It consists of a tall upright frame (approx 4m high) from which is suspended a heavy triangular blade (approx 40kg). The blade is hauled to the top of the frame on a stout cord and held in place while the victim has his/her head placed in a restraining bar. The cord is released and the heavy blade falls a distance of 2.3m, severing the neck. (Heights and weights are the French standards.)
Guillotinelike devices (gibbets) existed and were used for executions in Britain before the French Revolution but the French developed the machine further and became the first nation to use it as a standard execution method. On April 25 1792 highwayman Nicolas J. Pelletier became the first person executed by guillotine.
It takes its name from Joseph-Ignace Guillotin, a French doctor, on whose suggestion it was introduced. The basis for his recommendation is believed to have been his perception that it was a humane form of execution, contrasting with methods such as hanging (often resulting in a long agony) or beheading with an ax (the executioner could miss the neck). There is some debate over this as some authorities believe that the victim can remain conscious for up to 30 seconds after decapitation.
The guillotine was the newest method of execution at the time, considered more humane than the previous methods. Before the guillotine, an executioner used a sword or axe. Sometimes it took repeated blows to completely sever the head. The family of the victim or the victim itself would sometimes pay the executioner to ensure that the blade was sharp in order for a quick and relatively painless death.
The guillotine was the only legal execution method in France until the death penalty's abolishment in 1981, apart from certain crimes against the security of the state. The last execution took place on September 10, 1977.

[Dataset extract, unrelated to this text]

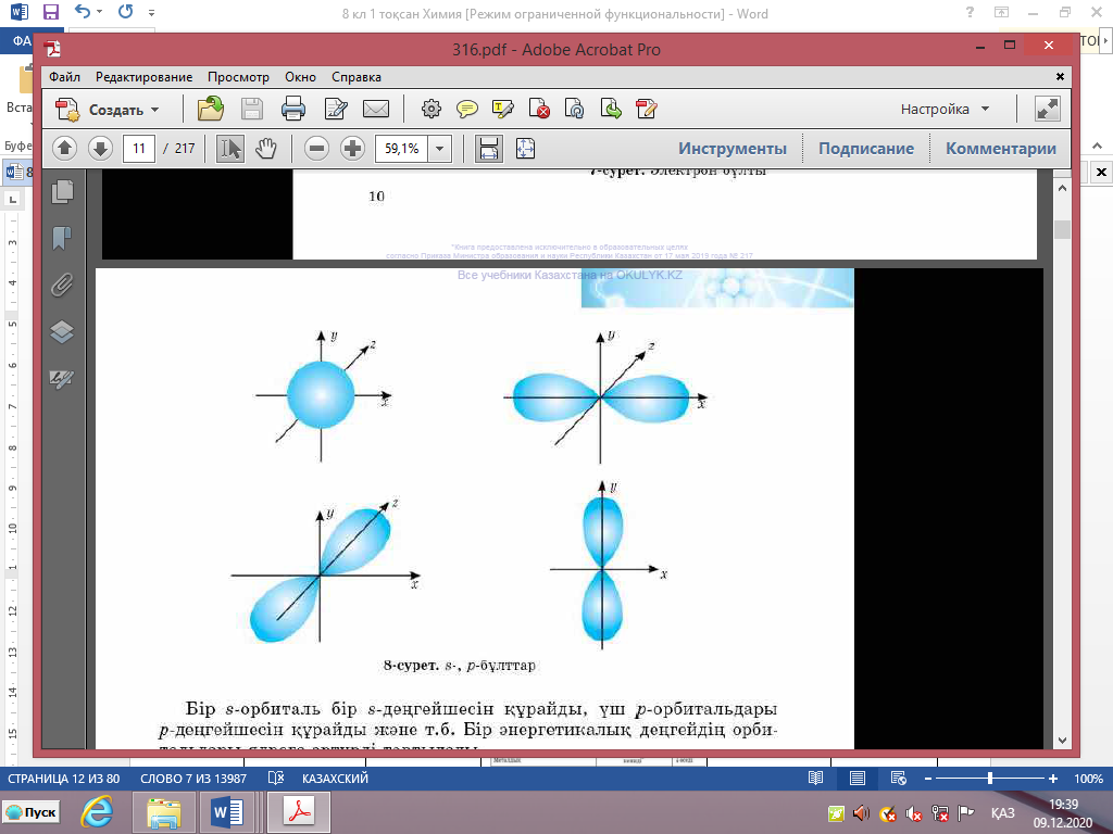 8.1.3.2 -әрбір электрон қабатында электрон саны нақты максимал мәннен аспайтынын түсіну 8.1.3.3-s және р орбиталдарының пішінін білу 8.1.3.4 -алғашқы 20 химиялық элементтің электрондық конфигурациясын және электронды – графикалық формуларын жаза білу |
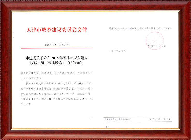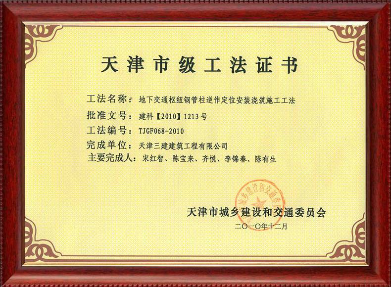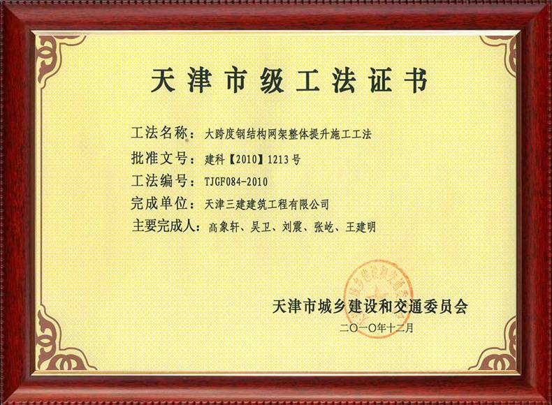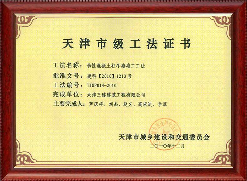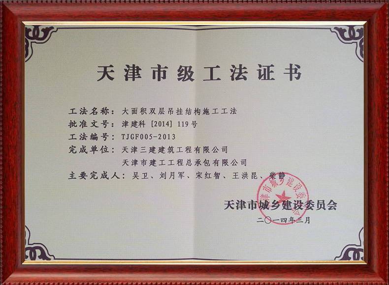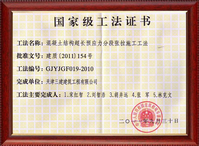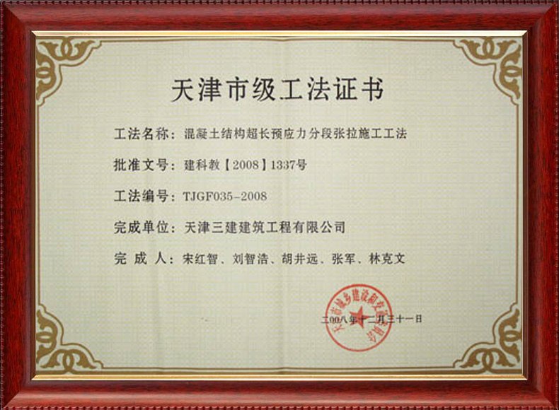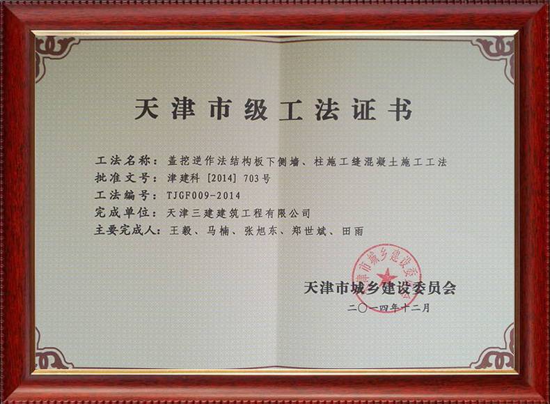 三建公司不斷發揚科技創新精神,注重施工經驗的提練和總結,編寫了27項工法,其中國家級工法3項,市級工法24項。為促進城市建設快速發展,不斷提升施工工藝水平做出了重要貢獻。

In France, executions by guillotine were also regarded as a public entertainment that attracted great crowds of spectators. The last public execution was of Eugene Weidmann, who was convicted for six murders. It took place on September 10, 1939 at 4:32 in the afternoon outside the prison Saint Pierre rue Georges Clémenceau 5 at Versailles, which is now the Palais de Justice. The scandalous behaviour of some of the onlookers on this occasion caused the authorities to decide that executions in the future were to take place in the prison courtyard.
From Napoleonic times, the guillotine was used in many places in Germany. The Nazis employed it extensively: twenty guillotines were in use in Germany and (from 1938) in Austria. As many as 20,000 people may have been executed; for an example see White Rose.
The guillotine was not, however, a French invention—although Guillotin is often named as its inventor, it had a history as a farm implement used for killing poultry in Germany, England, and Persia before being introduced as a method of capital punishment.
There is some conflict as to how the word guillotine should be pronounced. The word entered English from French in 1793, and since then authorities on pronunciation have debated, not whether guillotine should be pronounced GIL-uh-TEEN or GEE-yuh-TEEN, but whether it should be pronounced with a stress on the third syllable (GIL-uh-TEEN) or on the first.
Since, for several decades, stressing of the word's first syllable has held sway over stressing of the third, one question remains: is it the long-established GIL-uh-TEEN or the recently popular GEE-yuh-TEEN which should be said? Pronunciation pronunciator Charles Harrington Elster, in his Big Book of Beastly Mispronunciations, calls GEE-yuh-TEEN "a pseudo-French affectation". He continues: "Careful speakers are expected to help hold the line on this one—on pain of beheading!"
Of course, it isn't crucial to heed Elster's highly biased, prescriptive advice.